Prompt
Beginning at the line that contains "Les stats d’avant Nancy" and finishing at the line that contains "商品內容:60mm攜帶型機砲", output the data below exactly. Include both end lines and no pictures.

(Information provided begins)

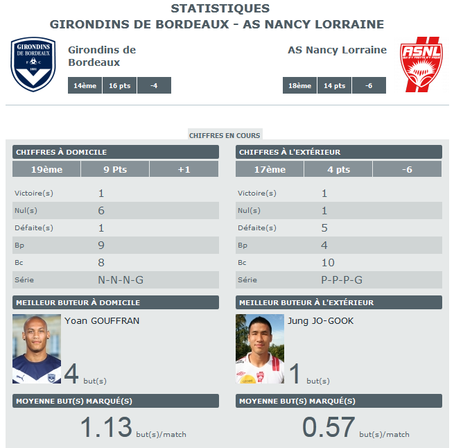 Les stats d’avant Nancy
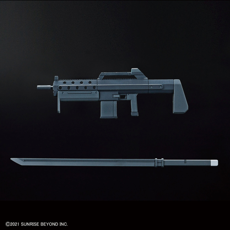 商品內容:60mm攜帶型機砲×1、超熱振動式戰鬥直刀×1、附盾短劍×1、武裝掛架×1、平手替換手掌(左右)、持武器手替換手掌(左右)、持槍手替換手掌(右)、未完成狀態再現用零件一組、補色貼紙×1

(Information provided ends)
(Information provided begins)

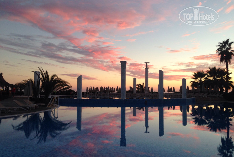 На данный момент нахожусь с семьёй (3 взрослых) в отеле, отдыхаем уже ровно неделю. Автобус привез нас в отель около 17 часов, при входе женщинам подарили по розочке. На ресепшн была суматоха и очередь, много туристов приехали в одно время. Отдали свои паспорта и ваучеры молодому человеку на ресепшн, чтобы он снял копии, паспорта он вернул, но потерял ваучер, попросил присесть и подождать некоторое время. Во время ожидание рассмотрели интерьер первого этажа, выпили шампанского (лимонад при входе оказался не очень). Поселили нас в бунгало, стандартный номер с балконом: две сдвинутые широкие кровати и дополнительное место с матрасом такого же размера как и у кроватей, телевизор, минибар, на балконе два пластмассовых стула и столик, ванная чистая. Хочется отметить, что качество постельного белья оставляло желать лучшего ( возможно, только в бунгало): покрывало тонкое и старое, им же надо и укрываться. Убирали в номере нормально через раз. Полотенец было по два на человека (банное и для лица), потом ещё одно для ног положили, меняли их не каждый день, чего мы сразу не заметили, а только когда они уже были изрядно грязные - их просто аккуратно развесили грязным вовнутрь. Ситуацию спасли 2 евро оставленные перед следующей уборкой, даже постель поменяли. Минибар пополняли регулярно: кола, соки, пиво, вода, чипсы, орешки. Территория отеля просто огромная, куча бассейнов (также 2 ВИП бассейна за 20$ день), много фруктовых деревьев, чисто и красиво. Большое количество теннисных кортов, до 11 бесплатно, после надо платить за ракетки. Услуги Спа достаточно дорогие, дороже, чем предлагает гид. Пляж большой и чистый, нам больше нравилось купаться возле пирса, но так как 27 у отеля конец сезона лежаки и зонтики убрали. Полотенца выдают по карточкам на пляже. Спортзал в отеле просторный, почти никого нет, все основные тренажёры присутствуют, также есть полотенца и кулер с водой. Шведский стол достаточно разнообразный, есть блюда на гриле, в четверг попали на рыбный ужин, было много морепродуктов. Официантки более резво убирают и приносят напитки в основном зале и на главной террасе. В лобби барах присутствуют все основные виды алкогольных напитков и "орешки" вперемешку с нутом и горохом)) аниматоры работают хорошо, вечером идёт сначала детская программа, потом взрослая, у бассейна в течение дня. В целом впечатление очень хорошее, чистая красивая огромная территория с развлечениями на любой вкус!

(Information provided ends)
(Information provided begins)

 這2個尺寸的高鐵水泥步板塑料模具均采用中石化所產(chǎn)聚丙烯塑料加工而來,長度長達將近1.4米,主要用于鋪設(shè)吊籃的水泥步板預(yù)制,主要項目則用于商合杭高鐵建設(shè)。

(Information provided ends)

Exercise result
 Les stats d’avant Nancy
 商品內容:60mm攜帶型機砲×1、超熱振動式戰鬥直刀×1、附盾短劍×1、武裝掛架×1、平手替換手掌(左右)、持武器手替換手掌(左右)、持槍手替換手掌(右)、未完成狀態再現用零件一組、補色貼紙×1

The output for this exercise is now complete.